Applicant's summary and conclusion

Conclusions:
The study was performed under GLP conditions and according to OECD TG 416 (adopted 2001). Parental body weight was statistically and biologically significantly decreased by administration of high doses of the test substance by dietary incorporation. Treatment-related clinical signs in adult animals were limited to an increased incidence of eye opacity in both males and females. Liver, kidney and thyroid weights were increased, as well as the incidence of microscopic findings. In the liver, the microscopic findings were indicative of an adaptive response and of increased metabolic activity. Kidney findings were generally characterized as the result of an enhanced aging progress, and may be due to either excretion of the test substance in the urine, or to increased excretion of tyrosine in the urine due to HPPDase inhibition. The findings in the thyroid at 30 ppm were considered to be non-adverse in the absence of either functional changes or increase in other microscopic findings at this dose. The NOAEL for parental systemic toxicity was therefore 30 ppm (2.50 mg/kg bw/day in males, 3.09 mg/kg bw/day in females).
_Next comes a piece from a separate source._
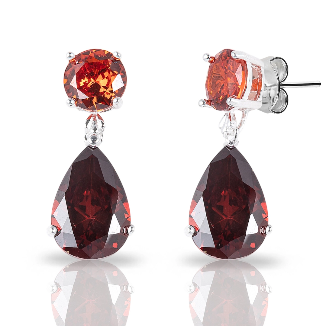 Brinco balanço com zircônias granada em formato redondo e gota.
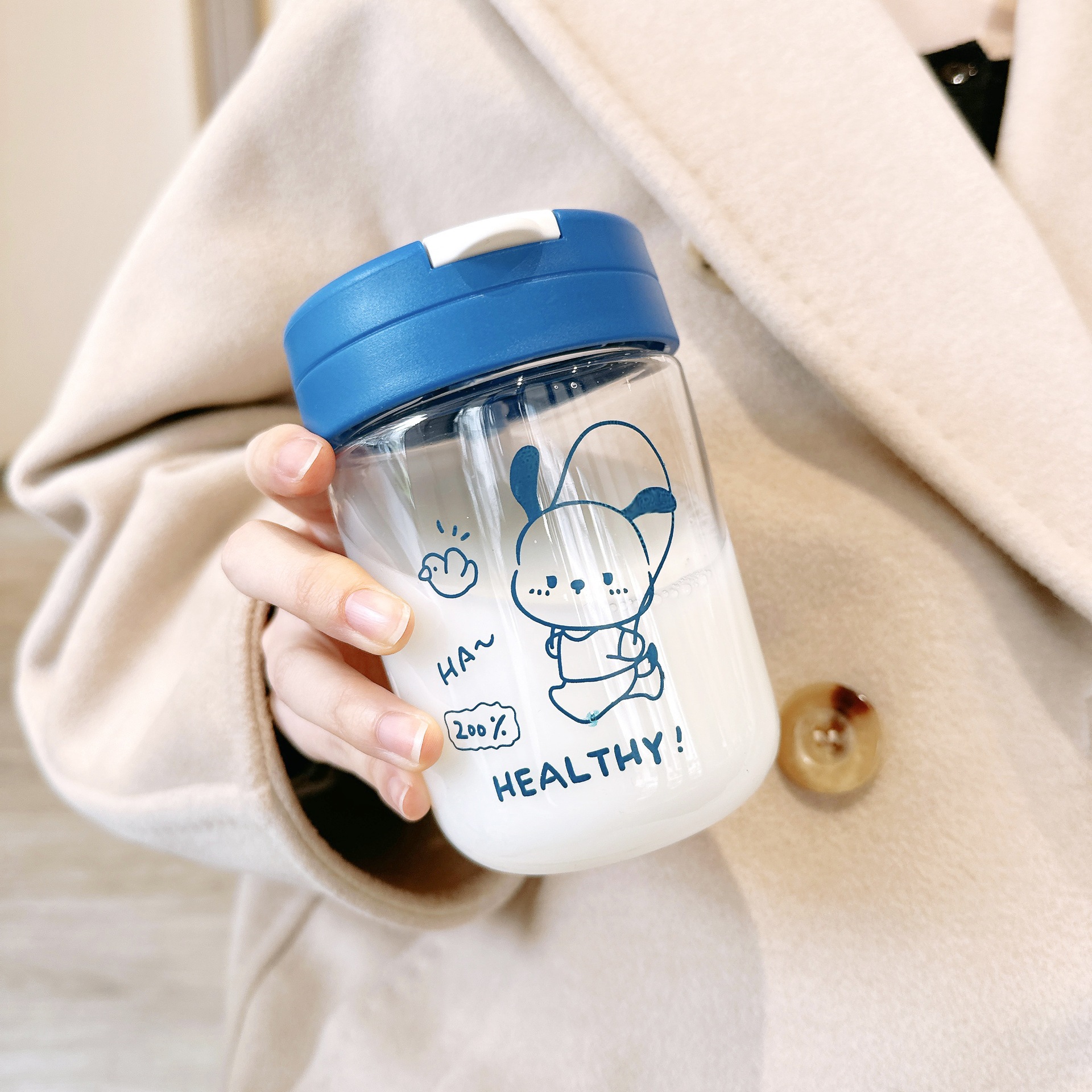 【2026年新作】カートゥーン プラボトル 子犬 学生高見え ミニマルドリンクボトル 携帯便利 カップルコーヒーストローカップ

There was no effect on either sperm parameters or on oestrus cyclicity at any dose, nor were there any effects on fertility, gestation index or length, or rearing indices. The reproductive NOAEL was therefore 3000 ppm (272.42 mg/kg bw/day in males, 345.67 mg/kg bw/day in females).
In pups, viability was reduced at 3000 ppm, and clinical signs were also increased in this dietary group. Pup and litter weights were reduced at 3000 ppm near the end of lactation, but there was no effect on pup body weight at birth. Preputial separation and vaginal opening were delayed with a greater effect on preputial separation. At necropsy, the incidence of dilated and/or enlarged kidneys was increased at 3000 ppm. The offspring NOAEL was therefore 300 ppm (22.25 mg/kg bw/day).